Missing the mountains of Deer Lodge and Western Montana, in 1960, she and Jack located a lot in the Grizzly Peak Mountain homes in the Beartooth foothills; the cabin would become her weekend and summer mountain escape. She would trail her children through ethnic grocery stores and the Festival of Nations in the mining town of Red Lodge. There, she and Jack met their cabin neighbors from Minneapolis who became ranch partners, Vince and Janet Carpenter, with whom they enjoyed a four-decade partnership.
She was an eclectic reader, a vigilant gardener, and an available confidant to any of her children or grandchildren who needed advice or wisdom. She placed the Cicero quote at her cabin: “If you have a garden and a library, you have everything you need.” For decades, she attended her local book club (whose selections were much in demand) with a gaggle of friends, introduced to her by Judy Johnson.
Jack died in 2007 and Anne flourished with a second wind of life at 2047 Pryor Lane until 2017 when she moved to Morningstar. “It was like being on a cruise ship,” she would say. She later enjoyed the compassionate care of its Reflections Memory Care Unit since February of 2021. “I intend to live long enough to be a problem to my children,” she would joke.

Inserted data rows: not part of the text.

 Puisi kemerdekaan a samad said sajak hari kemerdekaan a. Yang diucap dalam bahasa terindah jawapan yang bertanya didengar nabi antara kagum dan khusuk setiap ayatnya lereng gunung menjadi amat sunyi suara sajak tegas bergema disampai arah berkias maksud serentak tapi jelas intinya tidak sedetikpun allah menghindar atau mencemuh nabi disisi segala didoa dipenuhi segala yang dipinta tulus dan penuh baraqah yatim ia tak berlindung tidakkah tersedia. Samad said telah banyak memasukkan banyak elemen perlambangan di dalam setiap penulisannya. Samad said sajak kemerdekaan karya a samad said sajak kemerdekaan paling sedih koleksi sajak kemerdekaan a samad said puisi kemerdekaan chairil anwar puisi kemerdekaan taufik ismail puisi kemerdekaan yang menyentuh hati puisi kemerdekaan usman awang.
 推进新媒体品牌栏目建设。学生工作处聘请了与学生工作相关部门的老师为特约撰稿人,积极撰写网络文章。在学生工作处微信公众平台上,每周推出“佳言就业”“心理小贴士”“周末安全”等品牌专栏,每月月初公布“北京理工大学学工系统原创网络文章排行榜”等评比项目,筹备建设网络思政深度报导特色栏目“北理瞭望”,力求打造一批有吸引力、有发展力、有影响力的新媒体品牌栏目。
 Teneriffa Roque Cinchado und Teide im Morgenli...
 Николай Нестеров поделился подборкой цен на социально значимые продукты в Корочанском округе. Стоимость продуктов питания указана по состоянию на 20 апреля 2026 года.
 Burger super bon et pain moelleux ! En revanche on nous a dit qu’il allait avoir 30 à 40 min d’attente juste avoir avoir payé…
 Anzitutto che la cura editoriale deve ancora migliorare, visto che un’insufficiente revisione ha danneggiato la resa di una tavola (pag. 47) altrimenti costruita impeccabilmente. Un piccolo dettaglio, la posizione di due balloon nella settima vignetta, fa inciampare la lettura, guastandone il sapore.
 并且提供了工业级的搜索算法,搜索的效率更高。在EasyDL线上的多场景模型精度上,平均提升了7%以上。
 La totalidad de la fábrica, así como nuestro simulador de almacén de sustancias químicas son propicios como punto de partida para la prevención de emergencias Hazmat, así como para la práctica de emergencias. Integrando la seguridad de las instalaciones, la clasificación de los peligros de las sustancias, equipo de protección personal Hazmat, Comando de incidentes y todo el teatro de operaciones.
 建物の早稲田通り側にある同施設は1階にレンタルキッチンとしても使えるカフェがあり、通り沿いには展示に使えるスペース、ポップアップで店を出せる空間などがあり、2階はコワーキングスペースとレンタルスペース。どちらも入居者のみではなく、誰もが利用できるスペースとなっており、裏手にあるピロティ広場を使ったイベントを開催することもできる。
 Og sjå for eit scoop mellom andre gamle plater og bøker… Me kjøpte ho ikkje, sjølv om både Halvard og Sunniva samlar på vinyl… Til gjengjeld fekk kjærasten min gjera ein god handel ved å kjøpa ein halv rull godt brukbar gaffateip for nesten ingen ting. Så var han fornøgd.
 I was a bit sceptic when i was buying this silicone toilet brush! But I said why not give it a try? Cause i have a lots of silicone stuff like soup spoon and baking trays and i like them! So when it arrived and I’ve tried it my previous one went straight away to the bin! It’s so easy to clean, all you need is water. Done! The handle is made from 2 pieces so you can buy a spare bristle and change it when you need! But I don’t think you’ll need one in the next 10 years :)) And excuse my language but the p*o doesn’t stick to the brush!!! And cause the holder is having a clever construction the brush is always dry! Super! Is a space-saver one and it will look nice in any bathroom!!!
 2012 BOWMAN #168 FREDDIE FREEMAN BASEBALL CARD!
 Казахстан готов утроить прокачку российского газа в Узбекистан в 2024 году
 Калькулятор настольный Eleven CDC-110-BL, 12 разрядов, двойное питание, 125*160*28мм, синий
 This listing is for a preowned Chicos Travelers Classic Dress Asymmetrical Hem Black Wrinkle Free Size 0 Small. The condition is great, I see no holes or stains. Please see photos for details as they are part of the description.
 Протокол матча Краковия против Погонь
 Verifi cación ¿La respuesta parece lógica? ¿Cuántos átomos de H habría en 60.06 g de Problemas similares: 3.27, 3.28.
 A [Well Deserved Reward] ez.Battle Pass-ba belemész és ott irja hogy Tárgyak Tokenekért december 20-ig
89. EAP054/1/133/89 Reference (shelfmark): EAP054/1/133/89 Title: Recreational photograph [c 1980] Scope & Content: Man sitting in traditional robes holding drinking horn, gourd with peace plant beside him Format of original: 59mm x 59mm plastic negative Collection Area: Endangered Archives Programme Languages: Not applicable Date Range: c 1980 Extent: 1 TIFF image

The Dietrich family extends its heartfelt thanks for the help to the staff of Morningstar and Stillwater Hospice.
Anne was preceded in death by her parents, Louis C. Kiefer and Etta Bauman Kiefer; her brother, Louis C. Kiefer; her husband, Jack Dietrich; and her beloved granddaughter, Natalie Anne Dietrich.
Anne is survived by her children, Paul, Janet (Dan Erikson), David (Jan), Suzy (Ryan Clarke) and Katja. Her beloved grandchildren were the light of her life: Christian (and wife Michelle) Dietrich (Paul’s son), Elizabeth Erikson (and husband Trapper Payne), Ellen Erikson (and husband Will Harris) and Zoë Erikson (Janet’s children), Rachel (David’s daughter), Megan (and husband Jon) Lovgren, Patrick and Bailey (Suzy’s children), and Jacob (Katja’s son).
Anne’s great-grandchildren Archer and Weston (Elizabeth), Finley and Addison (Megan) will grow to learn of Great Grannie Annie’s humor and wisdom.
She was a proud member of the Delta Gamma Sorority at the University of Montana, the Billings Chapter “S” P.E.O.; the Junior League of Billings and, in the 1990s, she served on the Fine Arts Board of the University of Montana. She also enjoyed working as a docent at the Yellowstone Art Museum.
A celebration of life will be at 11 a.m. Tuesday, Aug. 22, at Mayflower Church at 2940 Poly Drive , with a reception to follow.
In the words of Julie Andrews from The Sound of Music:
“So long, farewell, auf Wiedersehen, good night
I hate to go and leave this pretty sight
… So long, farewell, auf Wiedersehen, adieu
Adieu, adieu, to yieu and yieu and yieu”
In lieu of flowers, please consider a memorial to the Rialto Theater in Deer Lodge, the Billings Public Library Foundation, the Yellowstone Art Museum, The Mayflower Church, or a charity of your choice.